In Ten Tracks is a selection of tracks that have meaning to me and have stuck with me through the years, appearing frequently on mix tapes and playlists. Not necessarily stuff you’ll find on an artist’s Greatest Hits collection.
Mystery Achievement The first Pretenders album, released in 1980 was like a severe kick in the head. Chrissie Hynde and her boys strode into the punk and rock arena with a sneer of self-righteous indolence and proceeded to tear it up. But Hynde, the stepchild of Iggy Pop and Keith Richards, wasn’t a one-trick pony. She wrote songs that ran the gamut from hardcore rave-ups to tender pop ballads to seductive reggae, and her voice cut through the mix like a gamma knife. Nowhere does this all come together any better than on the album’s final track. With Martin Chambers’ always muscular drums beating a steady march that is joined by Pete Farndon’s driving bass. Chrissie’s voice floats above it all, culminating in a gorgeous chorus with vocal overdubs. Her guitar crunches on top of the rhythm section and sets up James Honeyman-Scott’s nuclear guitar work. Then there’s a breakdown followed by a final round of the chorus. Pretenders is that rare album that ends as strongly as it began and as soon as it ends you want to hear the entire album again.
Cuban Slide In “Mystery Achievement” Hynde sings “I just want to get out on the floor and do the Cuban slide,” which sounds like a reference to a dance. But listeners had to wait until the single of the centerpiece song from Pretenders II, “Talk of the Town” came out to find out what she was talking about. “Cuban Slide” is the B side, a reverb-laden slab of Bo Diddley beat that the band cooks into something really special. The lyrics are minimal, about Chrissie unable to do a dance that the object of her adoration does easily. The chorus (I-yi-yi-yi wanna dance/but my feet won’t let me) manages to evoke the proper Cuban feel without descending into any kind of imitation or appropriation. The track is essential because it makes you realize just how special this group was at this moment in time.
The Adultress Pretenders II was a little more diverse than its predecessor both in terms of lyrics and style. Hynde’s romanticism became florid on tracks like “English Roses” and “I Go To Sleep”, but the record opened with this punchy track that immediately reminded everyone what they loved so much about the first album. I can still remember being in the record store the day the album came in and the boxes were opened by the store clerk and this song came bursting out of the speakers. “I’m the adultress/But I didn’t want to be/I’m convenient/And I make good tea.” As always we wonder how much of the song is autobiographical–her lyrics are so biting and honest –‘look at the spinster/coming down off the shelf/she’s in love and she hates herself.” Meanwhile Chambers, Farndon and Honeyman-Scott burn with hunger that has in no way lessened since the first album.

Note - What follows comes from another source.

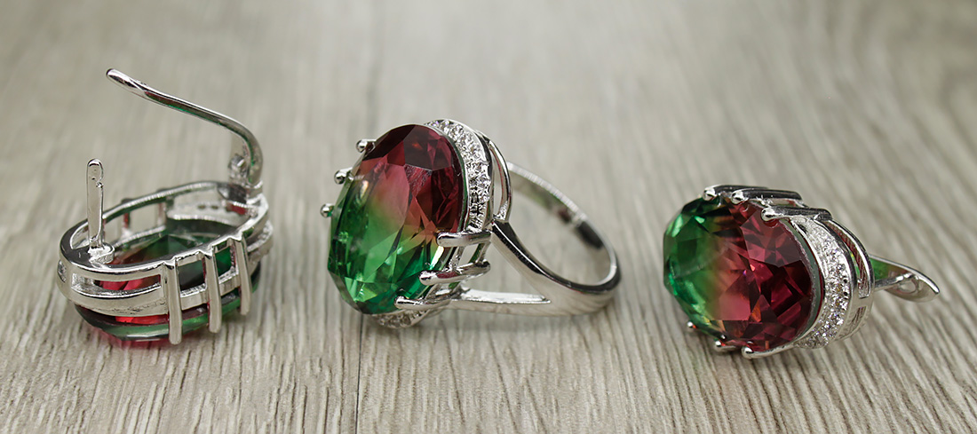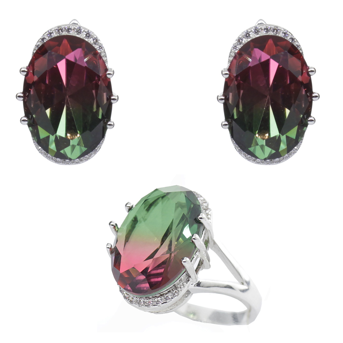 Удивительный комплект с крупным фианитом "турмалин" красно - зеленого цвета.Размер камня в серьге: 13х18мм, размер серьги с застежкой: 20,5мм. Размер камня в кольце: 13х18мм.
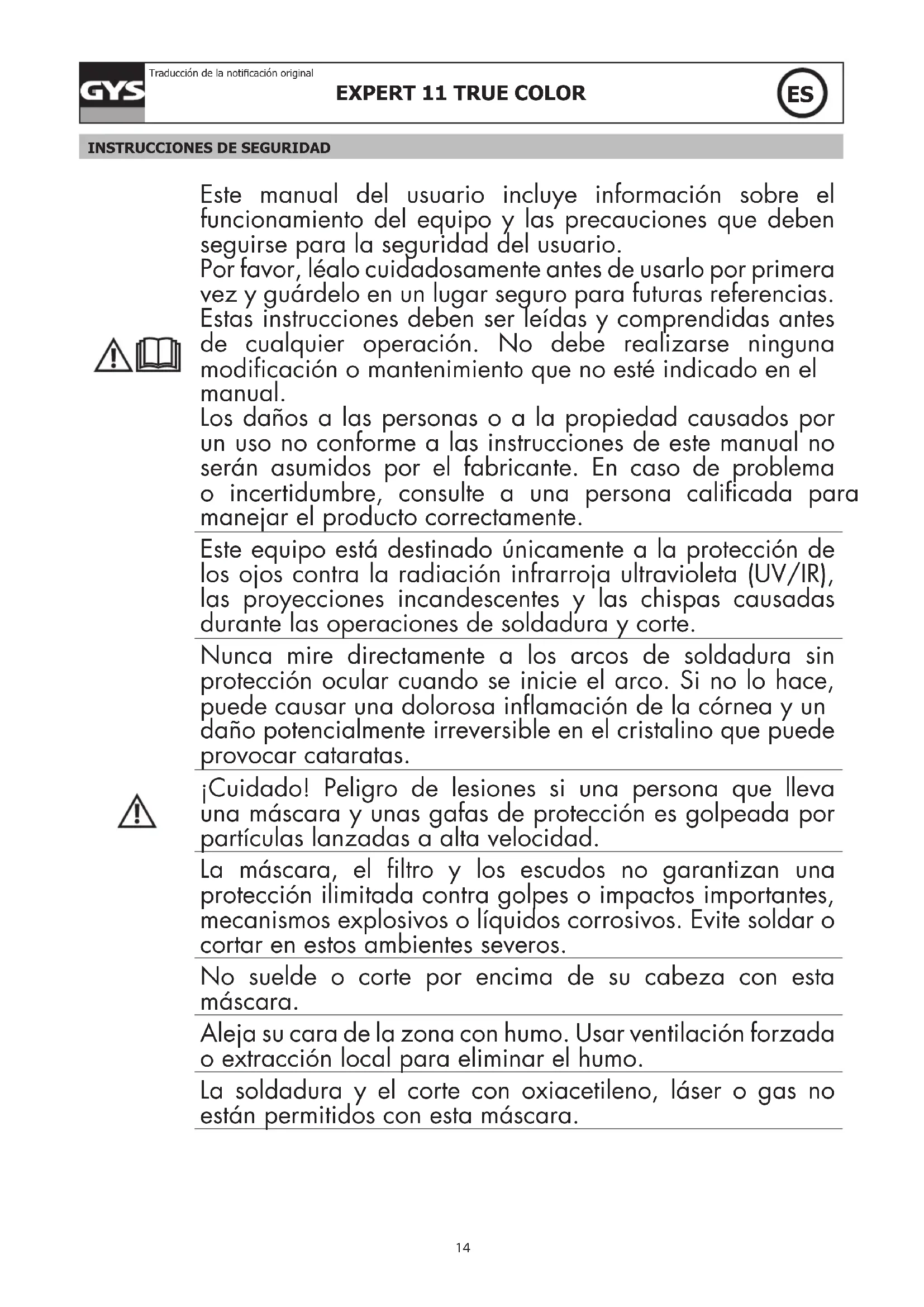 Este manual del usuario incluye información sobre el funcionamiento del equipo y las precauciones que deben seguirse para la seguridad del usuario. Por favor, léalo cuidadosamente antes de usarlo por primera vez y guárdelo en un lugar seguro para futuras referencias. Estas instrucciones deben ser leídas y comprendidas antes de cualquier operación. No debe realizarse ninguna modicación o mantenimiento que no esté indicado en el manual. Los daños a las personas o a la propiedad causados por un uso no conforme a las instrucciones de este manual no serán asumidos por el fabricante. En caso de problema o incertidumbre, consulte a una persona calicada para manejar el producto correctamente. Este equipo está destinado únicamente a la protección de los ojos contra la radiación infrarroja ultravioleta (UV/IR), las proyecciones incandescentes y las chispas causadas durante las operaciones de soldadura y corte. Nunca mire directamente a los arcos de soldadura sin protección ocular cuando se inicie el arco. Si no lo hace, puede causar una dolorosa inamación de la córnea y un daño potencialmente irreversible en el cristalino que puede provocar cataratas. ¡Cuidado! Peligro de lesiones si una persona que lleva una máscara y unas gafas de protección es golpeada por partículas lanzadas a alta velocidad. La máscara, el ltro y los escudos no garantizan una protección ilimitada contra golpes o impactos importantes, mecanismos explosivos o líquidos corrosivos. Evite soldar o cortar en estos ambientes severos. No suelde o corte por encima de su cabeza con esta máscara. Aleja su cara de la zona con humo. Usar ventilación forzada o extracción local para eliminar el humo. La soldadura y el corte con oxiacetileno, láser o gas no están permitidos con esta máscara.15

Waste Not Want Not This is Pretenders II‘s reggae offering, and it’s just as great as the first record’s “Private Life” even though as far as I can tell it really gets no love, barely if ever mentioned in reviews of the album. A soapbox screed against the excess and environmental waste of consumerism that foreshadows themes found on Learning to Crawl (especially “Middle of the Road”) and the vegan lifestyle Hynde would later embrace. Farndon’s deep bass hits you right in the chest here and the guitars are subdued, leaving the sparks to Chrissie’s fiery sermon, complete with Biblical references.
In the Sticks This non-album B-side of “Louie Louie” is somewhere between a country instrumental and a California surf tune, and it’s a reminder that the original Pretenders were a real band that related to each other musically like all the greatest rock outfits. It’s also a fond farewell to Farndon and Honeyman-Scott, both of whom died after the Pretenders II tour: Honeyman-Scott in 1982 and Farndon in 1983 after being fired from the band due to drug issues.
Middle of the Road By the end of 1983 Chrissie had a new Pretenders lineup that was ready to go. After releasing “Back on the Chain Gang,” recorded with a pickup band, “Middle of the Road” became the album Learning to Crawl‘s second single and the first to feature Hynde, Chambers, Robbie McIntosh, and Malcolm Foster. I saw the group twice on this tour and I can assure you that as a live band they were the equal of the originals (I saw that band on the Pretenders II tour). “Middle of the Road” blistered with Hynde’s trademark swagger and an incredible cat yowl near the end of the song followed by a harmonica solo. “I’m not the cat I used to be” she sang, “I got a kid/I’m thirty-three,” but you’d never know it from this track.
Show Me Being a mother definitely softened Chrissie’s stance in some ways, but don’t forget that she already had a romantic, sentimental streak a mile wide. “Show Me” isn’t your typical mom song, though, and the band still finds an energetic groove while we marvel yet again at the way Chrissie Hynde has always been able to craft a melody and then sing the hell out of it. Favorite lyric: “Welcome here from outer space/the milky way is still in your eyes/You found yourself a hopeless case/One who’s seeking perfection on Earth or some kind of rebirth.”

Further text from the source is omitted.